**WHAT YOU NEED TO DO**
Using the data that follows, output only the lines from the line with "Une carte de" up to and including the line with "汉字是记录汉语的文字。学好一", exactly, leaving pictures aside.

**WORKING DATA**
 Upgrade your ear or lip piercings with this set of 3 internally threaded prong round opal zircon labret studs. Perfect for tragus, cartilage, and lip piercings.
...
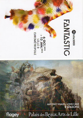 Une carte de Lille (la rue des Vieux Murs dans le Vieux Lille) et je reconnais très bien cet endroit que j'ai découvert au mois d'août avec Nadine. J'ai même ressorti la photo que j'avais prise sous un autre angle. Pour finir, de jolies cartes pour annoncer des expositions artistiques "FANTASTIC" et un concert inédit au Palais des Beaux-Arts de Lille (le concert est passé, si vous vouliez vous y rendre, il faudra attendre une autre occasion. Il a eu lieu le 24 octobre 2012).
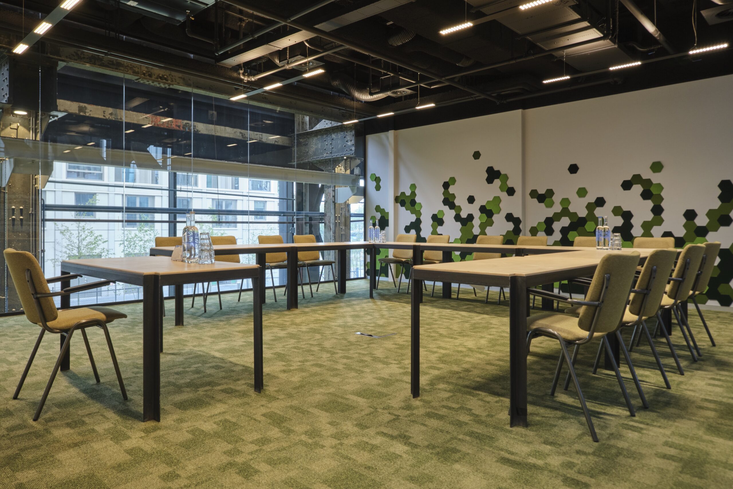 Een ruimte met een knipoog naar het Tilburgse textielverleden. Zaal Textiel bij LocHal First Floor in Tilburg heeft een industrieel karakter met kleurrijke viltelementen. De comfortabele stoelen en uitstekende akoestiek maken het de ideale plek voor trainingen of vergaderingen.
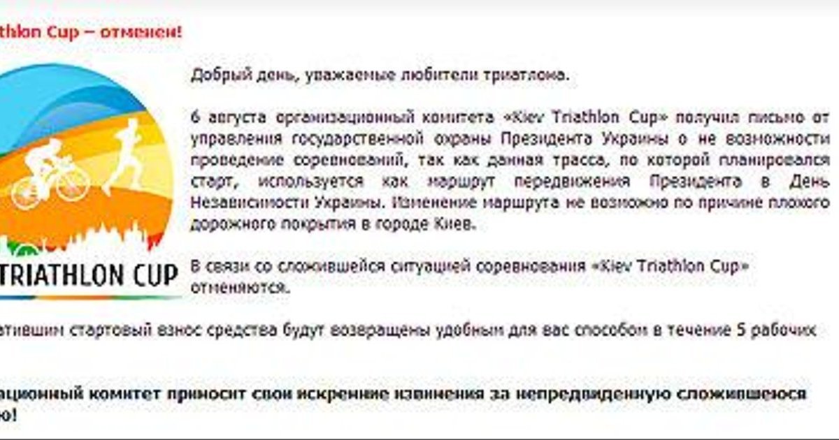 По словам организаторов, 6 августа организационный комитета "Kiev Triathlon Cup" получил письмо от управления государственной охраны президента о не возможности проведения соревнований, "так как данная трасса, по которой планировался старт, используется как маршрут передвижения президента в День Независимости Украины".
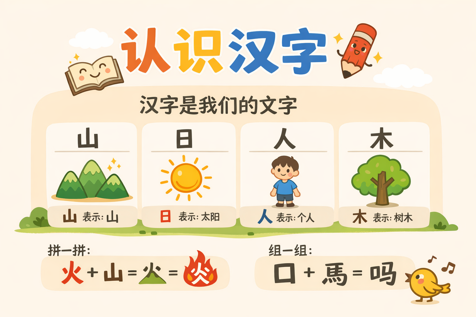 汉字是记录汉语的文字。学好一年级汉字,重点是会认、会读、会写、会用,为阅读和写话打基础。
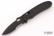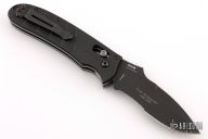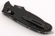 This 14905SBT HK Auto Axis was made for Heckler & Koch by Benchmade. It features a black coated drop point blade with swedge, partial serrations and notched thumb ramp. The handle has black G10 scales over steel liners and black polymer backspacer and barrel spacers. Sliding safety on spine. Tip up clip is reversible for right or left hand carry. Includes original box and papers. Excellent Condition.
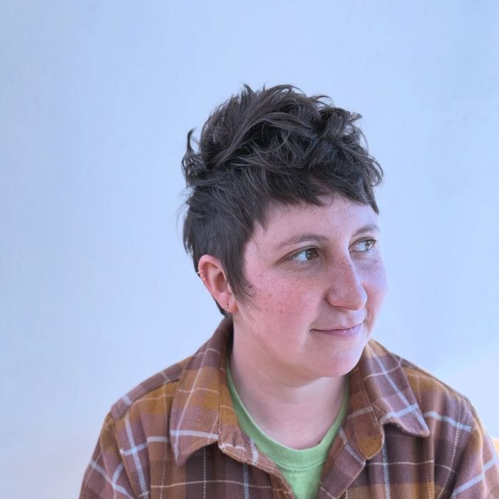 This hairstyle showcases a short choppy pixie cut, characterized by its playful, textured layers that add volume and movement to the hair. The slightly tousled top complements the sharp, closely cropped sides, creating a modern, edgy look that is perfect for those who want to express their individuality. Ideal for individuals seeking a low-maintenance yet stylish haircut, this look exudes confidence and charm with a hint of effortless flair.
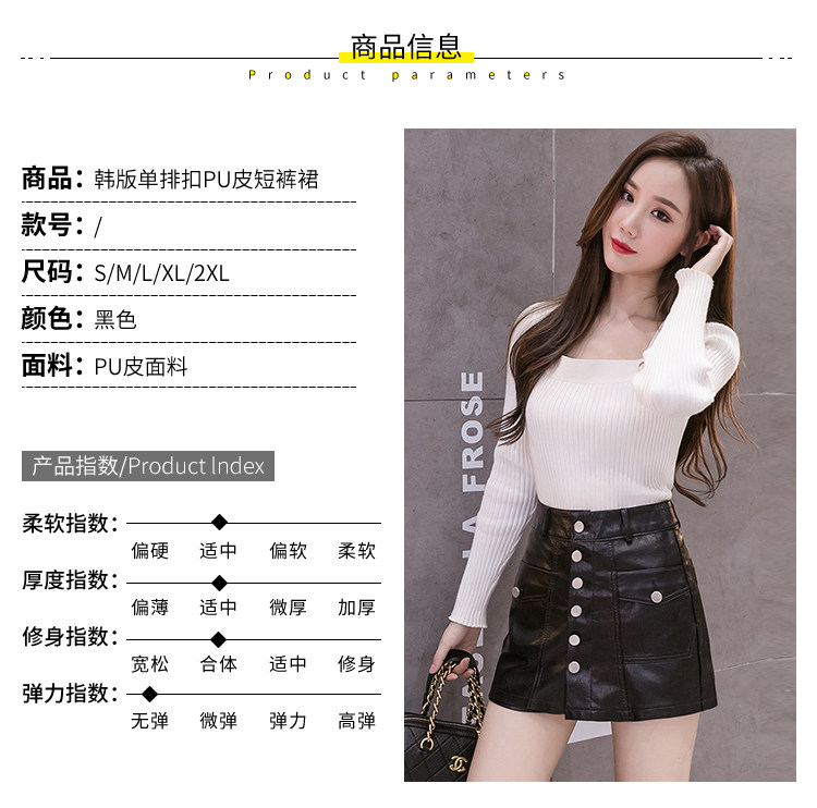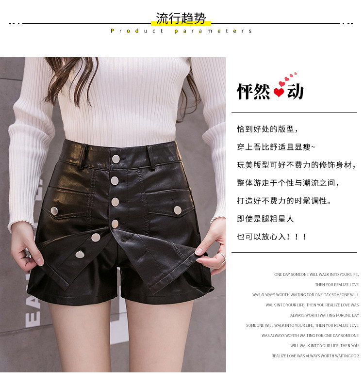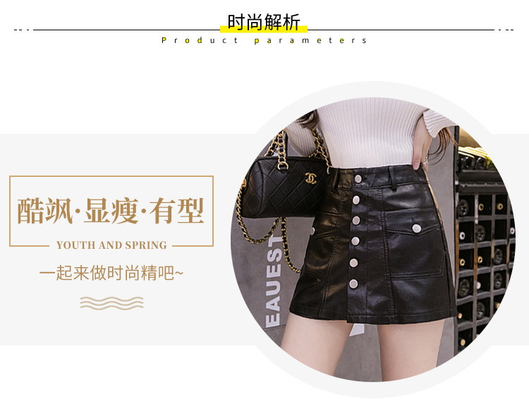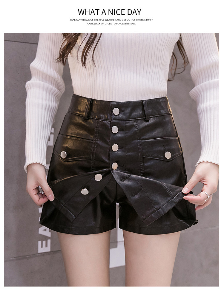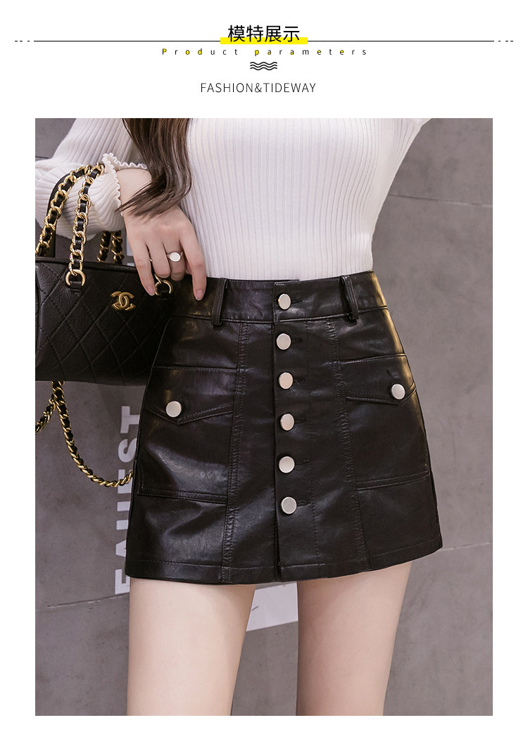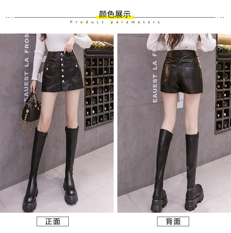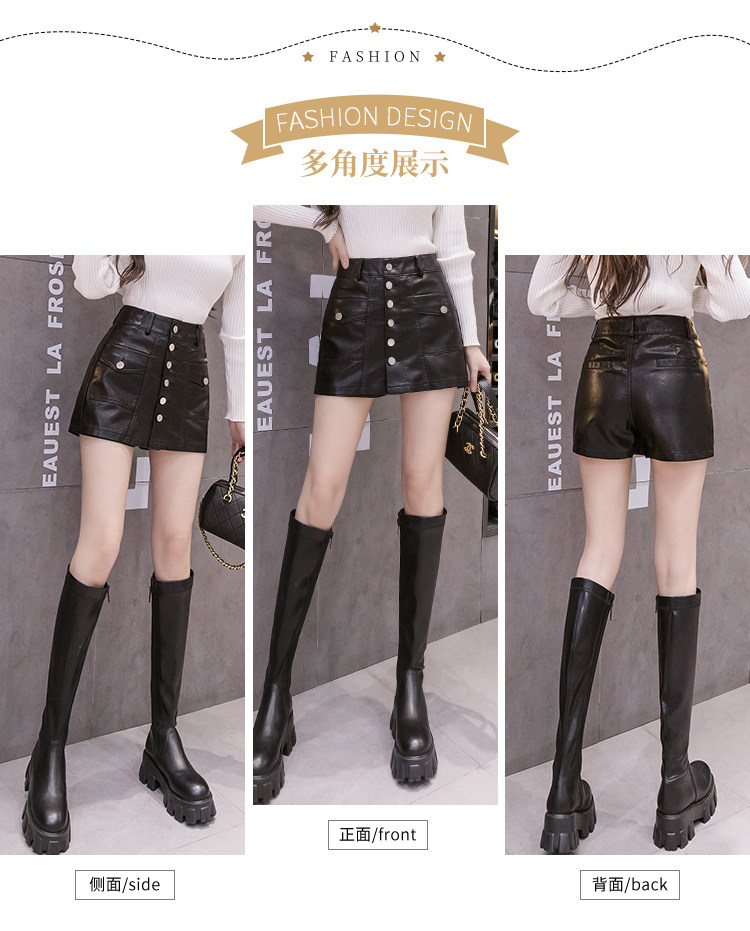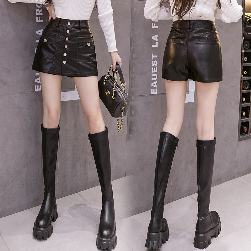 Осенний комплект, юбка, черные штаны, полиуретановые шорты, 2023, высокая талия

**SOLUTION TO THIS EXERCISE**
 Une carte de Lille (la rue des Vieux Murs dans le Vieux Lille) et je reconnais très bien cet endroit que j'ai découvert au mois d'août avec Nadine. J'ai même ressorti la photo que j'avais prise sous un autre angle. Pour finir, de jolies cartes pour annoncer des expositions artistiques "FANTASTIC" et un concert inédit au Palais des Beaux-Arts de Lille (le concert est passé, si vous vouliez vous y rendre, il faudra attendre une autre occasion. Il a eu lieu le 24 octobre 2012).
 Een ruimte met een knipoog naar het Tilburgse textielverleden. Zaal Textiel bij LocHal First Floor in Tilburg heeft een industrieel karakter met kleurrijke viltelementen. De comfortabele stoelen en uitstekende akoestiek maken het de ideale plek voor trainingen of vergaderingen.
 По словам организаторов, 6 августа организационный комитета "Kiev Triathlon Cup" получил письмо от управления государственной охраны президента о не возможности проведения соревнований, "так как данная трасса, по которой планировался старт, используется как маршрут передвижения президента в День Независимости Украины".
 汉字是记录汉语的文字。学好一年级汉字,重点是会认、会读、会写、会用,为阅读和写话打基础。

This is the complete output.